I think telling a child that they are naughty only serves to reinforce to them that image of themselves until it becomes a self-fulfilling prophecy.

Thestrangestthing Tue 21-Jan-20 10:27:45

Call g a behaviour naughty is fine, it's calling the child naughty that isn't great.

yellowallpaper Tue 21-Jan-20 10:30:00

@JacquesHammer So how do you label a behaviour? A child bites, so you just say you shouldn't bite? Naughty is a descriptive word, not a label. If your not allowed to use naughty, you end up with bad, unpleasant, rude, painful etc. Really don't see the point in banning one negative word for other negative words.
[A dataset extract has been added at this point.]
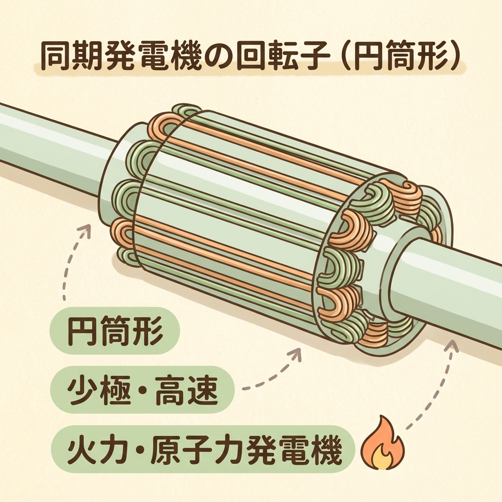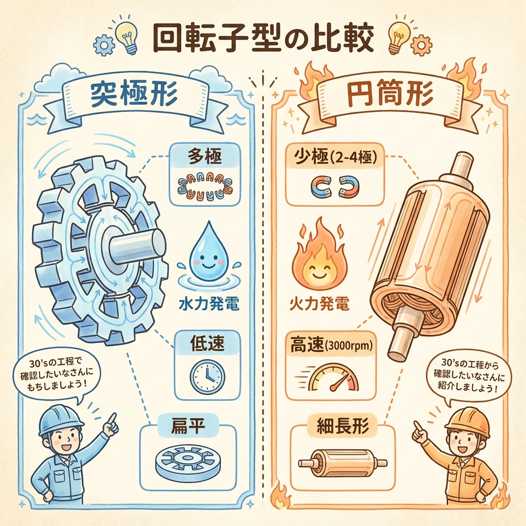 回転界磁形の同期機には、ロータ(界磁)の形状の違いによってさらに2種類があります。試験では「どちらがどの発電所に使われるか」がほぼ毎回出ます。
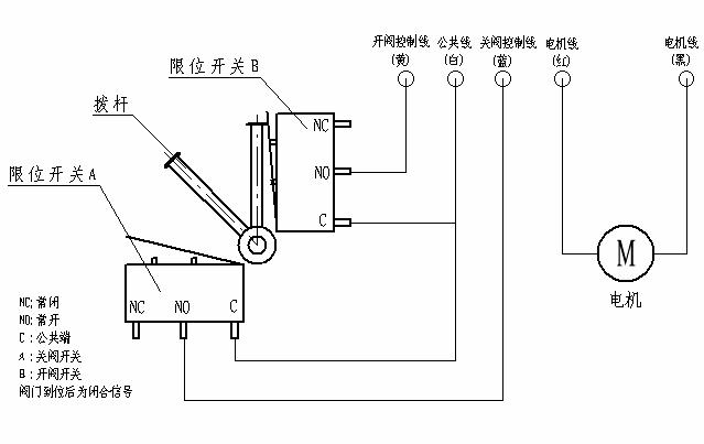 4)執(zhí)行機構引出線中:黑色線為電機正極引出線,紅色線為電機負極引出線,黃色線為開閥到位引出線,藍色線為關閥到位引出線,白色線為閥到位公共線。

Child deliberately breaks their toy. So you say that's destructive? Doesn't mean you have a destructive child, just destructive behaviour.

In a school or nursery setting I can see why they don't want to use naughty, as it can become a label for that child, but in a home setting we, as adults, can tailor the wording to the behaviour and the child.

karencantobe Tue 21-Jan-20 10:30:56

@2020BetterBeBetter Be realistic, no one is ever judged for not using a word. Parents like me are judged for using the word naughty.